Any suggestion, help would be greatly appreciated.

MiscBits
Posts: 149
Joined: Wed Jan 27, 2021 12:48 pm

Re: Pi-Zero Random Hang issue

Mon Apr 05, 2021 2:01 pm

I would add a little script to output the date / time to a file and see if that works during the hang - do not get it to do anything else.

If you have a new O/S image, try running the date / time script with no other software running to see if it's a hardware issue or a code issue to start with.

User avatar
neilgl
Posts: 3032
Joined: Sun Jan 26, 2014 8:36 pm
Location: Near The National Museum of Computing

Re: Pi-Zero Random Hang issue

Mon Apr 05, 2021 4:49 pm

Are they actually Pi Zero devices or [b]Pi Zero W[/b] devices?

Navaneetha
Posts: 11
Joined: Mon Apr 05, 2021 9:31 am

Re: Pi-Zero Random Hang issue

Mon Apr 05, 2021 5:17 pm

Its Pi zero with Wireless and Bluetooth.

User avatar
thagrol
Posts: 4653
Joined: Fri Jan 13, 2012 4:41 pm
Location: Darkest Somerset, UK
Contact: Website

Re: Pi-Zero Random Hang issue

Mon Apr 05, 2021 5:31 pm

You mention you're zeros are sendign data to the cloud. By "cloud" do you mean a server somewhere on the internet or a server on teh same network as the zeros?
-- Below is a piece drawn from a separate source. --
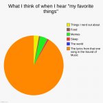 What I think of when I hear "my favorite things" | The lyrics from that one song in the Sound of Music, The world, Sleep, Memes, Food, Thing...
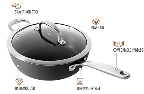 The OXO Good Grips Non-Stick Pro Cookware line features effortless food release and overall superior performance. Each piece offers a thoughtful design, from heavy-gauge anodized aluminum and stay-cool stainless steel handles to drip-free pouring edges and a dishwasher safe coating. The German-engineered, PFOA-free, 3-Layer Non-Stick coating allows for effortless food release with minimal oil or butter, and the durable, scratch-resistant, Hard-Adonized Aluminum construction ensures superior heat conduction and even cooking. Angled side walls help liquids evaporate quickly and rounded bottoms facilitate efficient stirring, and clear, tempered glass lids make it easy to check the progress of your dish without lifting the lid. The contoured, comfortable handles stay cool to the touch and are riveted to provide a secure grip. The durable, all-metal construction is perfect for all stovetops, except induction, and can move directly from the stovetop to oven (oven-safe up to 430 Degree Fahrenheit/220 Degree Celsius). The Non-Stick Pro Cookware line is dishwasher safe for quick and easy cleanup. The 3 Quart Covered Saucepan features a helper handle for easy carrying and is ideal for soups, sauces, caramel and a multitude of everyday cooking tasks.Feature

Does the end of the hang match the scheduled reboot time?

Is it possible the problem is external to the zeros? Is their network or internet connection going down?
I'm a volunteer. Take me for granted or abuse my support and I will walk away

All advice given is based on my experience. it worked for me, it may not work for you.
Need help? https://github.com/thagrol/Guides

Navaneetha
Posts: 11
Joined: Mon Apr 05, 2021 9:31 am

Re: Pi-Zero Random Hang issue

Tue Apr 06, 2021 4:59 am

It is internet server.
Device doesn't reboot. Checked the logs.It just freeze for 1 hour and come back to alive.
I can safely rule out network issue, because its deployed in different locations, and there is a simple script in corntab, which runs every min and logs. during the freeze period, logs are missing.

To some extent I can rule out hardware issue. It can't be consistent 1 hour problem.
There is a pattern of 1 hour, which I couldn't able to understand. Network and hardware issues will be random in nature.

Navaneetha
Posts: 11
Joined: Mon Apr 05, 2021 9:31 am

Re: Pi-Zero Random Hang issue

Tue Apr 06, 2021 7:23 am

MiscBits wrote:
Mon Apr 05, 2021 2:01 pm
I would add a little script to output the date / time to a file and see if that works during the hang - do not get it to do anything else.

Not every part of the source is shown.